Search code examples
phpweb-scrapinglocalizationnumericseparator

How to get the current decimal/thousand separator for an unknown number


I have to insert into the database a number acquired from various sites for which I don't know what the decimal separator/thousand separator is.

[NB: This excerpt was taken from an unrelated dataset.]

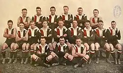 The club qualified for finals once between 1919 and 1938, although during this time period Colin Watson became the first St Kilda player to win the league's highest individual award, winning the 1925 Brownlow Medal.[26] Additionally in 1936, forward Bill Mohr kicked 101 goals, winning the leading goalkicker award and becoming the first St Kilda player to kick 100 goals or more in a season.[27]

Input numbers that express the value 1000 could be:

1,000.00
1,000.000
1.000,00
1.000,000

Input numbers that express the value 1 could be:

1.00
1.000
1,00
1,000

Of course, the number as well as the decimals can vary.


Solution

  • The last occurring dot or comma will be the decimal separator according to your explanation. Split on the last symbol to access the integer, separator, and decimal value. Then process/format those parts as needed.

    Code: (Demo)

    $tests = [
        '1,000.00',
        '1,000.000',
        '1.000,00',
        '1.000,000',
        '1.00',
        '1.000',
        '1,00',
        '1,000',
    ];
    
    foreach ($tests as $test) {
        [$int, $sep, $dec] = preg_split('/.*\K([.,])/', $test, 3, PREG_SPLIT_DELIM_CAPTURE);
        var_dump($test, $int, $sep, $dec);
        echo "\n";
    }
    

    Output:

    string(8) "1,000.00"
    string(5) "1,000"
    string(1) "."
    string(2) "00"
    
    string(9) "1,000.000"
    string(5) "1,000"
    string(1) "."
    string(3) "000"
    
    string(8) "1.000,00"
    string(5) "1.000"
    string(1) ","
    string(2) "00"
    
    string(9) "1.000,000"
    string(5) "1.000"
    string(1) ","
    string(3) "000"
    
    string(4) "1.00"
    string(1) "1"
    string(1) "."
    string(2) "00"
    
    string(5) "1.000"
    string(1) "1"
    string(1) "."
    string(3) "000"
    
    string(4) "1,00"
    string(1) "1"
    string(1) ","
    string(2) "00"
    
    string(5) "1,000"
    string(1) "1"
    string(1) ","
    string(3) "000"
    

    If your goal is to standardize the placeholders, you could only translate the non-standard placeholders. Any dot that is later followed by a comma and any comma that is not later followed by a dot needs to be changed. Demo

    var_export(
        preg_replace_callback(
            '/\.(?=.*,)|,(?=\d*$)/',
            fn($m) => ['.' => ',', ',' => '.'][$m[0]],
            $tests
        )
    );
    

    To remove thousand placeholders and standardize decimal placeholders, you can make two passes over the string. Demo

    var_export(
        preg_replace(
            ['/[.,](?=\d*[.,])/', '/,/'],  // match thousands, match comma decimals
            ['',                  '.'],    // remove thousands, replace comma decimals
            $tests
        )
    );
    

    If you want a binary outcome that presents the thousands and decimal placeholders for a given string, you can use this: Demo

    $result = [];
    foreach ($tests as $test) {
        $result[] = preg_match('/,\d*$/', $test)
            ? ['input' => $test, 'thousands' => '.', 'decimal' => ',']
            : ['input' => $test, 'thousands' => ',', 'decimal' => '.'];
    }
    var_export($result);